(Source data)
════

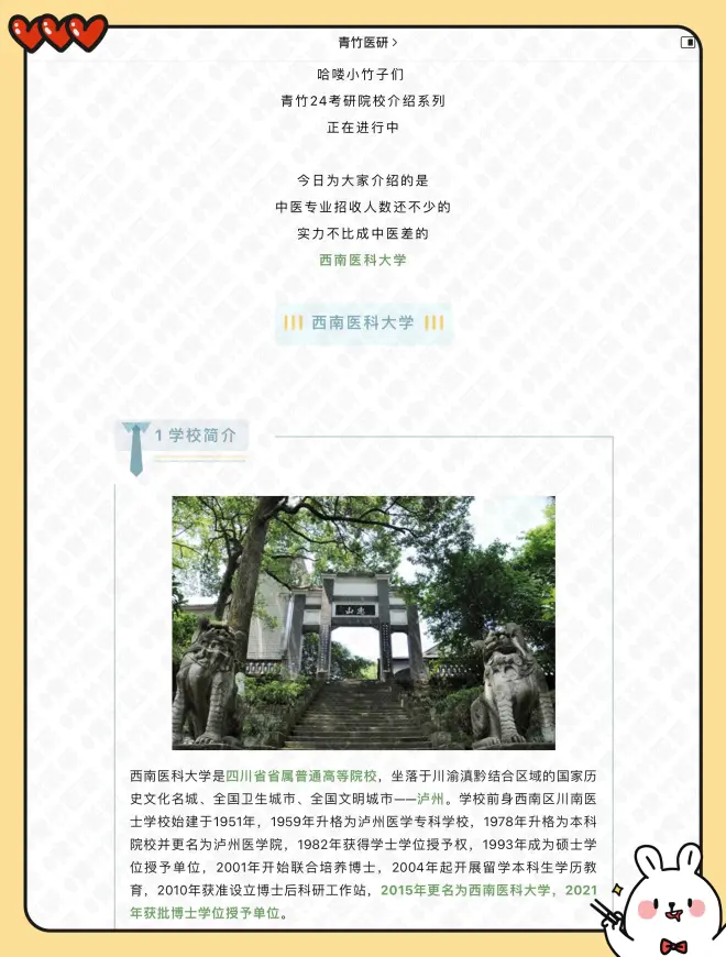 哈喽小竹子们~青竹医研24考研院校介绍系列开始发布。今日为大家介绍的是,招收人数不少,实力不比成中医差的【西南医科大学】,点赞收藏不迷路~
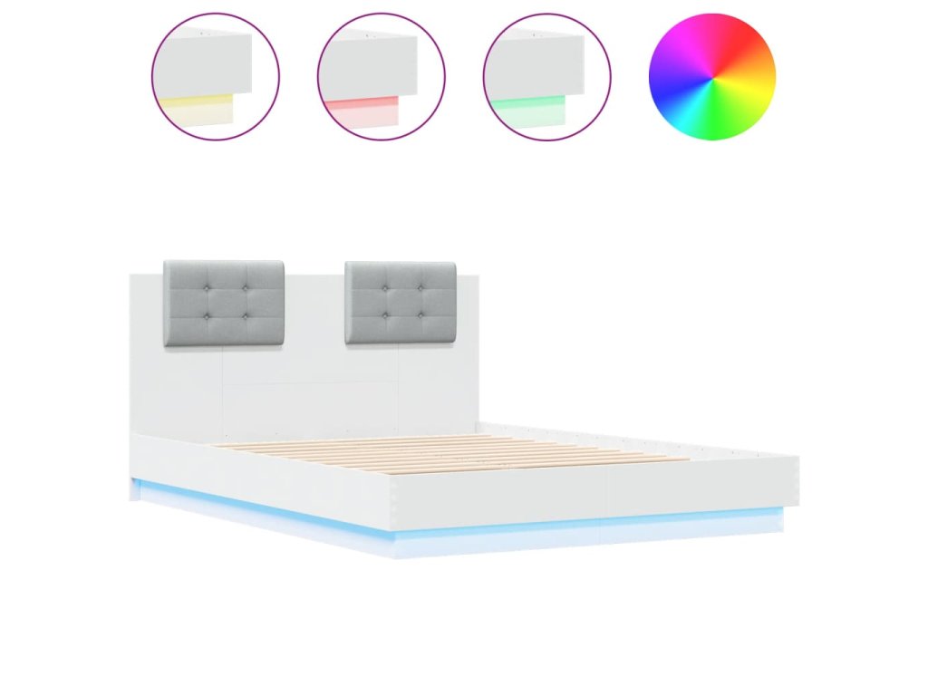 Multidom Posteľný rám s čelom a LED svetlami biely 140x190 cm
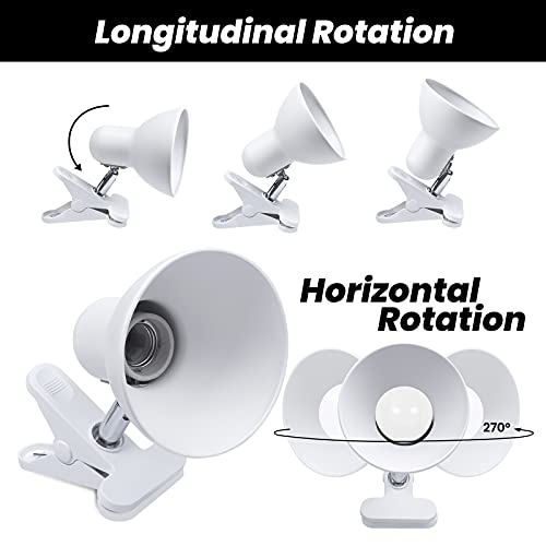 Klarlight Lampada a Morsetto E27 Bianca Portalampada E27 con Clip, EU Spina e Interruttore, vite Edison Lampada da Tavolo, Girevole a 270°, AC 85-265V, Cavo da 1.8m (Senza Lampadina)
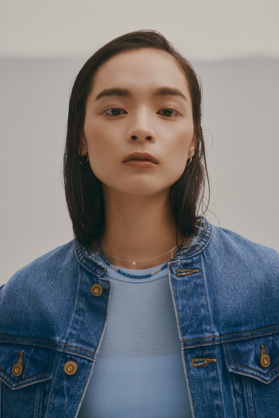「パール=女性っぽくしがちなところを、切りっぱなしデニムのハードな素材を合わせて、相反するテイストで冒険を!クルーネックカットソーに沿うようなネックレスのレイヤードで、首元にも強さを出しています。ALLブルーコーデが様になるのは、インディゴパールだからこそ。
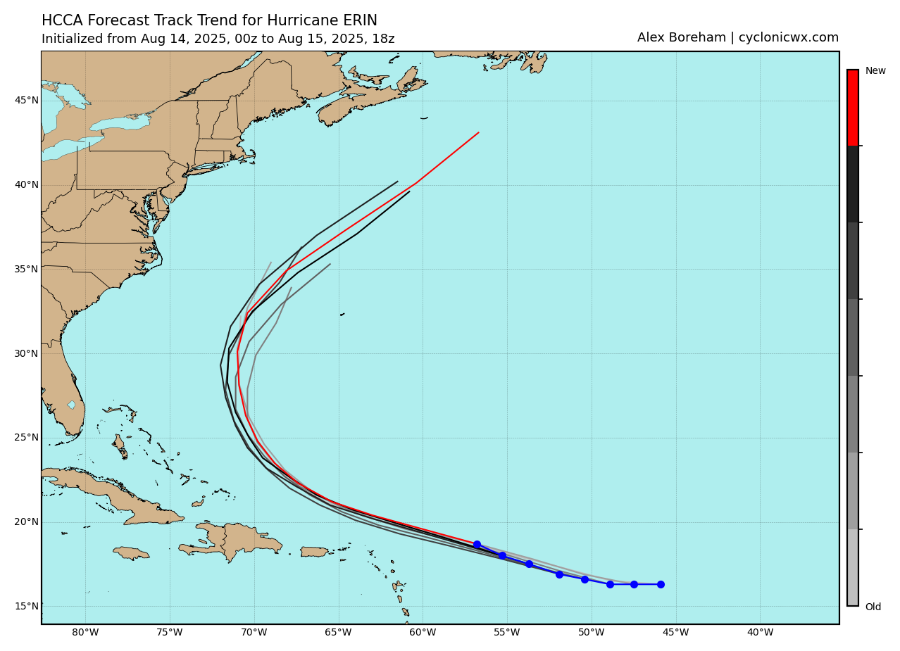 This is an example of the August 15th 1200 UTC morning ensemble runs from the ECMWF and GFS ensembles for Hurricane Erin. Each of these ensemble model systems runs four times per day, so between the hurricane specific models, the global ensembles, and other less utilized global models (e.g., German ICON) and older statistical hurricane models, there are literally hundreds of model forecasts produced every day for each invest and tropical cyclone. This is not even taking into account newer artificial intelligence models which appear to have some skill at hurricane forecasting, particularly the Google AI Deepmind system which is being developed in partnership with NHC (and which NHC discusses as part of their forecast process in tropical cyclone discussions).
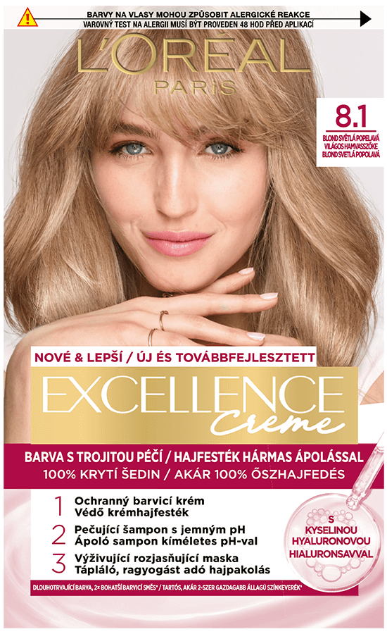 Ápoló hatóanyagokkal gazdagított tartós hajfesték. A L'Oréal Paris Excellence most egy hialuronsavval gazdagított hármas ápoló hatású hajfestési rituálét mutat be, amely gondoskodik a hajszínről, gyengéd a fejbőrhöz és ápolja a hajat. Az új, ápoló sampon kíméletes pH-val a hajat puhává, fényessé és természetes színűvé varázsolja. Akár 100%-os ősz haj fedés. A hialuronsav egy erőteljes, nedvességet rögzítő molekula, amely természetesen jelen van a szervezetben és a saját súlyának akár 1000-szeresét is képes megtartani vízből. Hogyan hat a formula? 1. A védő krémhajfesték intenzív hidratálással itatja át a hajat a korábbi színkeverékünkhöz képest akár 2-szer gazdagabb állagú színkeverékkel* a nem csöpögő felvitelért. 2. A tápláló hajpakolás a hajfestés előtti hidratáltsághoz képest akár 10-szer több hidratálással** zárja le a kutikulákat a tartósan ragyogó színért. *a korábbi színkeverékünkhöz képest, műszeres viszkozitási teszt. **Műszeres teszt
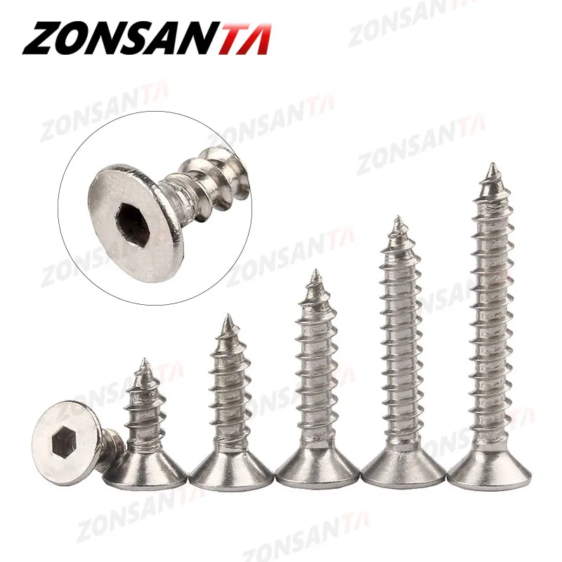 ZONSANTA M3 M4 M5 Countersunk head hexagon socket tapping screw 304 Stainless steel Flat Allen head wood screw
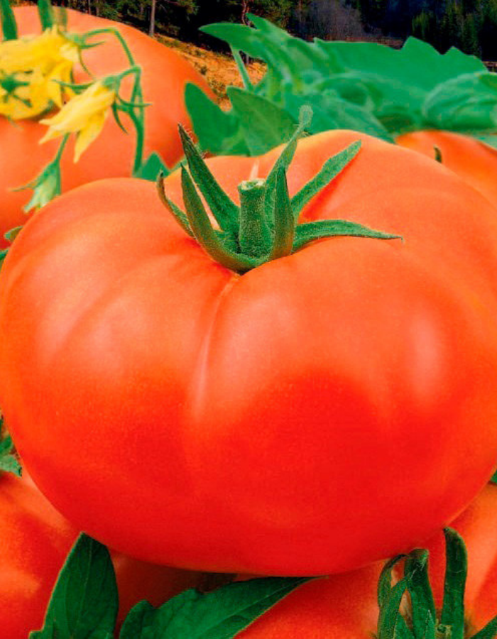 Невероятно урожайный, раннеспелый сорт для выращивания в теплицах и парниках. Плоды плоскоокруглые, тяжеловесные, красные, массой до 1 кг, мясистые, нежные, очень вкусные и ароматные. Высота растения 160-180 см. Ценность сорта: крупноплодность, отличные вкусовые качества, комплексная устойчивость к болезням. Прекрасно подходят для потребления в свежем виде и для всех видов переработки.
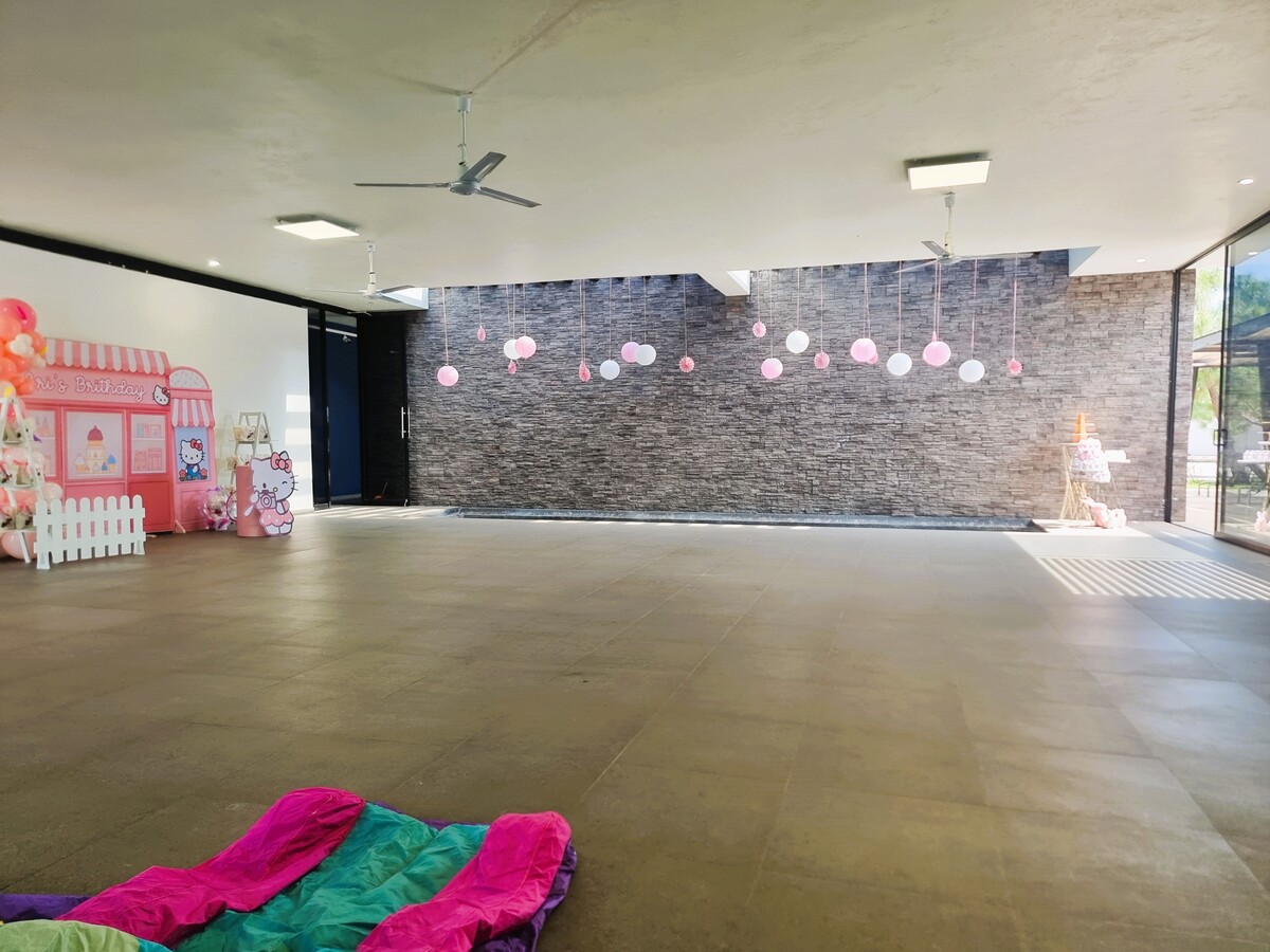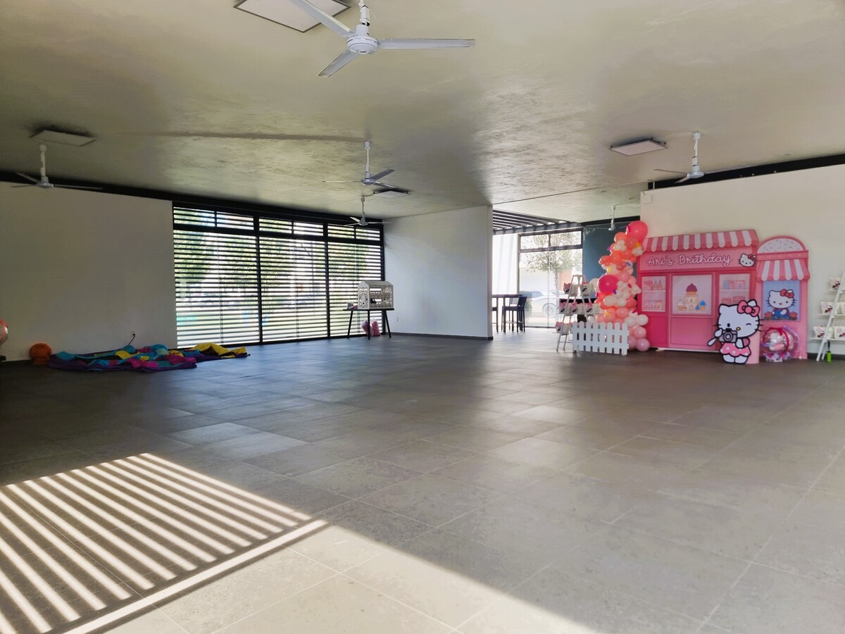 Heated pool with a wading pool, children's play area, covered event terrace with kitchenette, well-equipped gym, bathrooms with showers, security cameras, and electric fence throughout the condominium.

════

Your reply should consist only of the lines running from the line with "ZONSANTA M3 M4" to the end of the entries, both included, copied exactly and without any pictures.

 ZONSANTA M3 M4 M5 Countersunk head hexagon socket tapping screw 304 Stainless steel Flat Allen head wood screw
 Невероятно урожайный, раннеспелый сорт для выращивания в теплицах и парниках. Плоды плоскоокруглые, тяжеловесные, красные, массой до 1 кг, мясистые, нежные, очень вкусные и ароматные. Высота растения 160-180 см. Ценность сорта: крупноплодность, отличные вкусовые качества, комплексная устойчивость к болезням. Прекрасно подходят для потребления в свежем виде и для всех видов переработки.
 Heated pool with a wading pool, children's play area, covered event terrace with kitchenette, well-equipped gym, bathrooms with showers, security cameras, and electric fence throughout the condominium.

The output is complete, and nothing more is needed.